The Principle Concerning Multifunctional Devices: The fewer functions any device is required to perform, the more perfectly it can perform those functions.
Law of Probable Dispersal: Whatever hits the fan will not be evenly distributed. (also known as the How Come It All Landed On Me Law)
Laws of Procrastination:
Procrastination shortens the job and places the responsibility for its termination on someone else (the authority who imposed the deadline).
It reduces anxiety by reducing the expected quality of the project from the best of all possible efforts to the best that can be expected given the limited time.
Status is gained in the eyes of others, and in one's own eyes, because it is assumed that the importance of the work justifies the stress.
Avoidance of interruptions including the assignment of other duties can be achieved, so that the obviously stressed worker can concentrate on the single effort.
Procrastination avoids boredom; one never has the feeling that there is nothing important to do.
It may eliminate the job if the need passes before the job can be done.
Productivity Equation: The productivity, P, of a group of people is: P = N x T x (.55 - .00005 x N x (N - 1) ) where N is the number of people in the group and T is the number of hours in a work period.
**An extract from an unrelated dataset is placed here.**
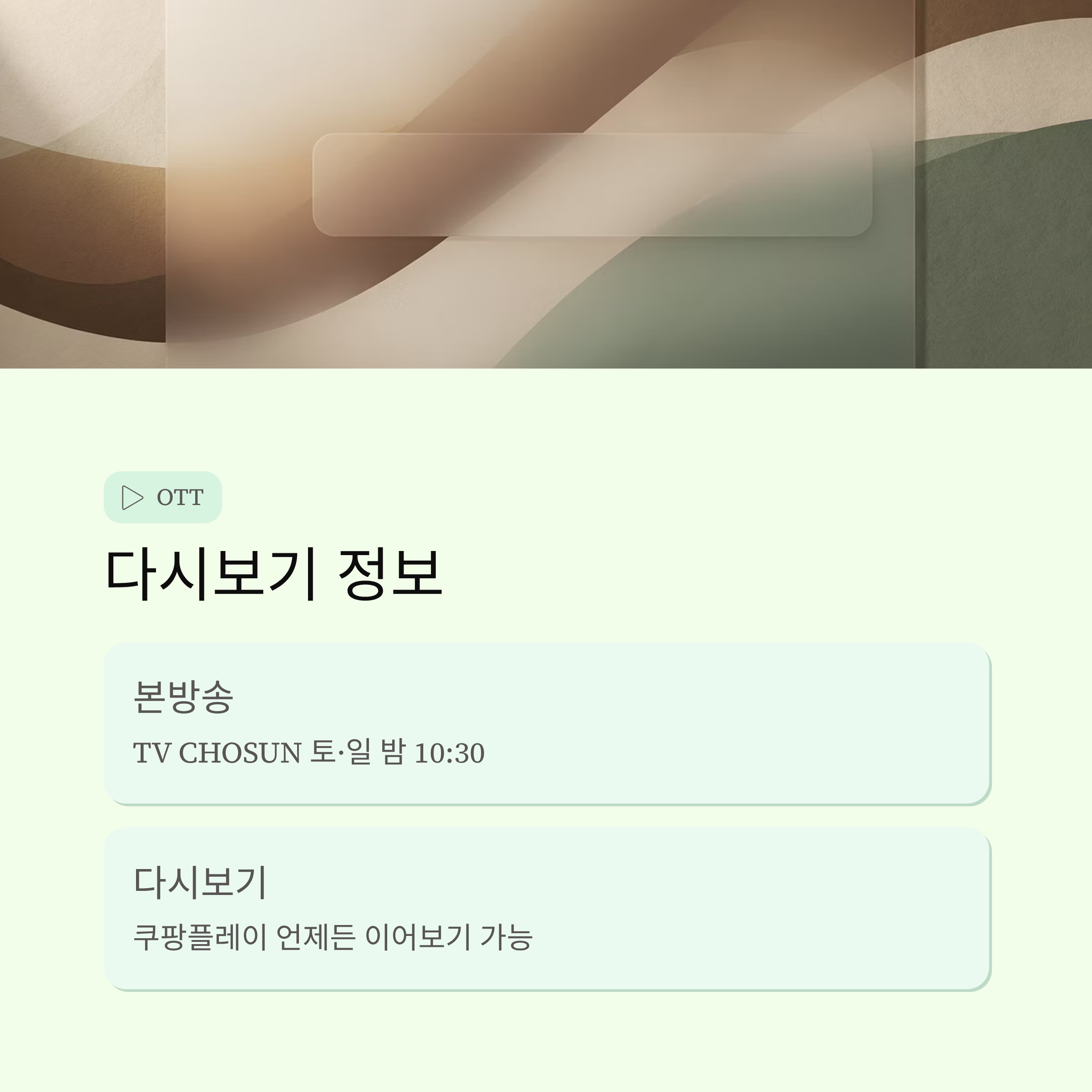 본방송을 놓쳤다면 쿠팡플레이에서 다시보기가 가능합니다. 방송은 TV CHOSUN 토·일 밤 10시 30분 편성이며, OTT 시청 수요도 함께 높은 편입니다. 본방 시간에 보기 어렵다면 쿠팡플레이를 이용해 이어보는 방식이 가장 편합니다.

Professional's Law: Doctors, dentists, and lawyers are only on time for appointments when you're not.
Project scheduling "99" rule: The first 90 percent of the task takes 90 percent of the time. The last 10 percent takes the other 90 percent.
Proverbial Law: For every proverb that so confidently asserts its little bit of wisdom, there is usually an equal and opposite proverb that contradicts it.
Public Relations Client Turnover Law: The minute you sign a client is the minute you start to lose him.
First Rule of Public Speaking: Nice guys finish fast.
Pudder's Law: Anything that begins well ends badly. Anything that begins badly ends worse.
Puritan's Law: Evil is live spelled backwards.
Corollary: If it feels good, don't do it.
Putney's Law: If the people of a democracy are allowed to do so, they will vote away the freedoms which are essential to that democracy.
Putt's Law: Technology is dominated by two types of people -- those who understand what they do not manage, and those who manage what they do not understand.


Madison's Question: If you have to travel on a Titanic, why not go first-class?
Rev. Mahaffy's Observation: There's no such thing as a large whiskey.
Maier's Law: If the facts do not conform to the theory, they must be disposed of. Corollaries:
The bigger the theory, the better.
The experiment may be considered a success if no more than 50% of the observed measurements must be discarded to obtain a correspondence with the theory. (Compensation Corollary)
Malek's Law: Any simple idea will be worded in the most complicated way.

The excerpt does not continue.